Amazon Onboarding with Learning Manager Chanci Turner

Chanci Turner Amazon IXD – VGT2 learningLearn About Amazon VGT2 Learning Manager Chanci Turner

In this article, we explore how Amazon Athena facilitates the analysis of Amazon Ion datasets, a powerful data serialization format. Athena is an interactive query service that allows users to analyze data stored in Amazon Simple Storage Service (S3) using standard SQL queries. Its serverless nature means there’s no infrastructure to manage, and you only pay for the queries you execute.

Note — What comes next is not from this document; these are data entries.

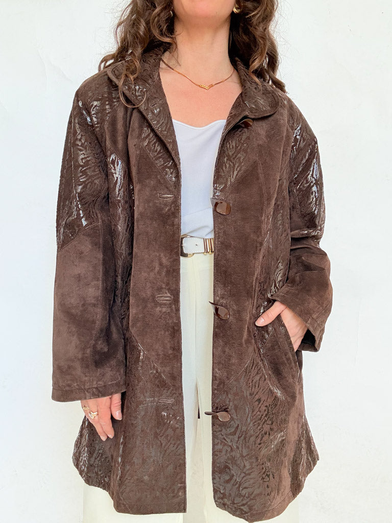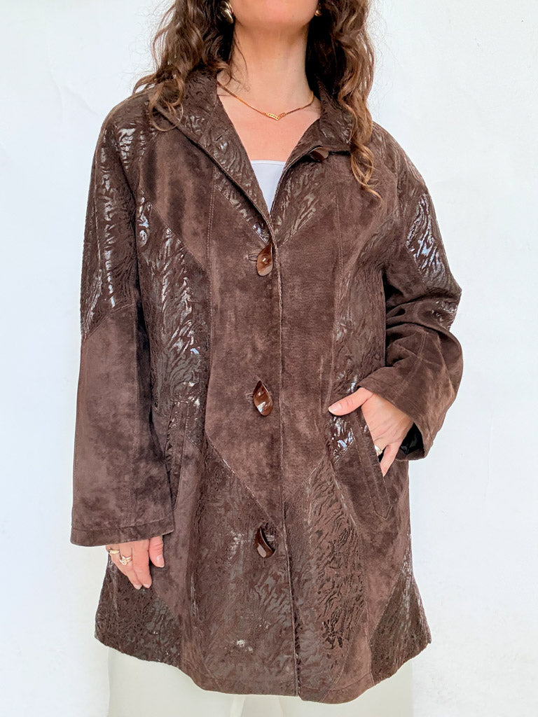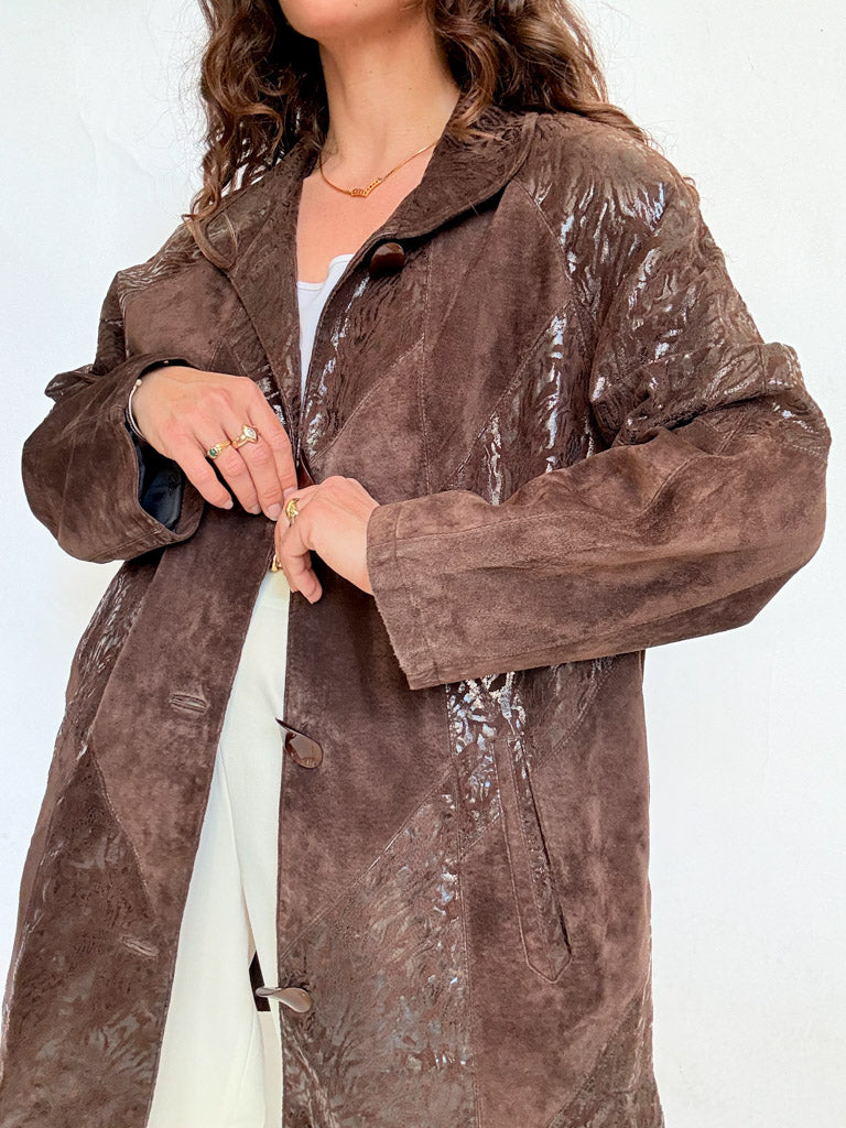 Vintage 90’s Brown Textured Suede Coat
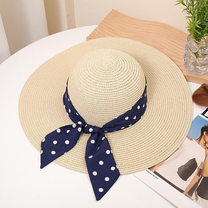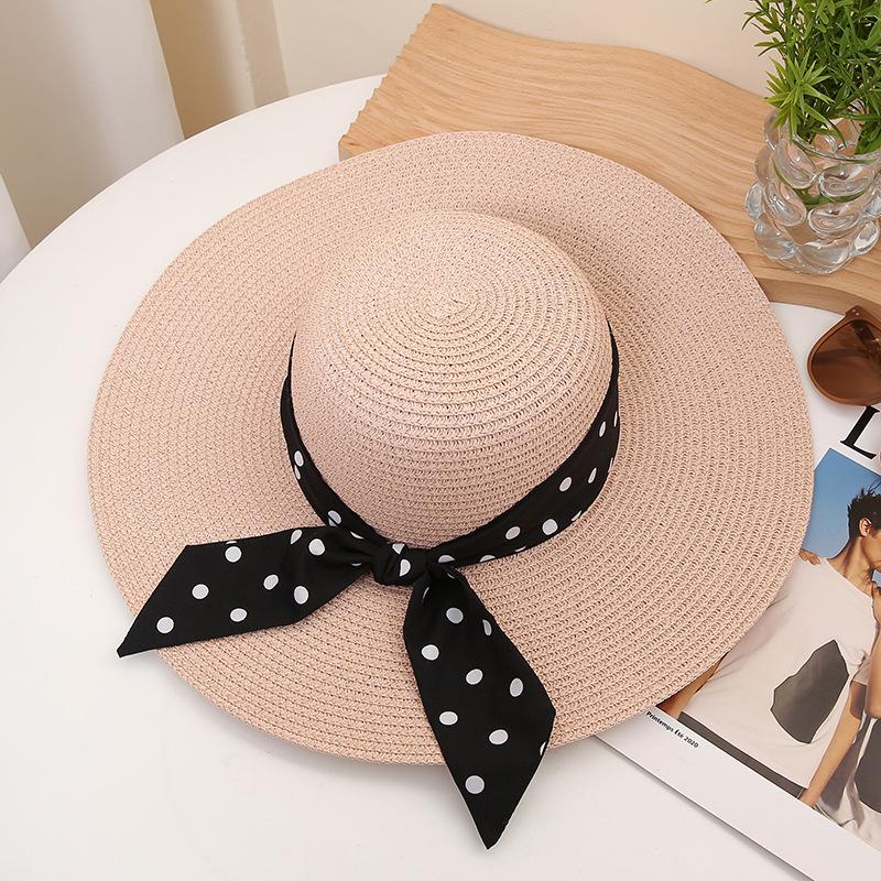 Шляпа от солнца с бантом в горошек, однотонная широкополая шляпа, летняя шляпа с защитой от ультрафиолета для женщин
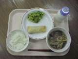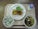 今日の給食はワカメご飯、さけのピザ風、塩ゆでそら豆、あおさのすまし汁、牛乳です。...

Amazon Ion is a sophisticated, self-describing data format that supports both binary and textual representations. It extends JSON, making all JSON files valid Ion files. The text format is easy to read and write, which is beneficial for rapid prototyping. The binary format, on the other hand, is optimized for efficient storage and transmission, offering rich type semantics that ensure data longevity through years of software evolution.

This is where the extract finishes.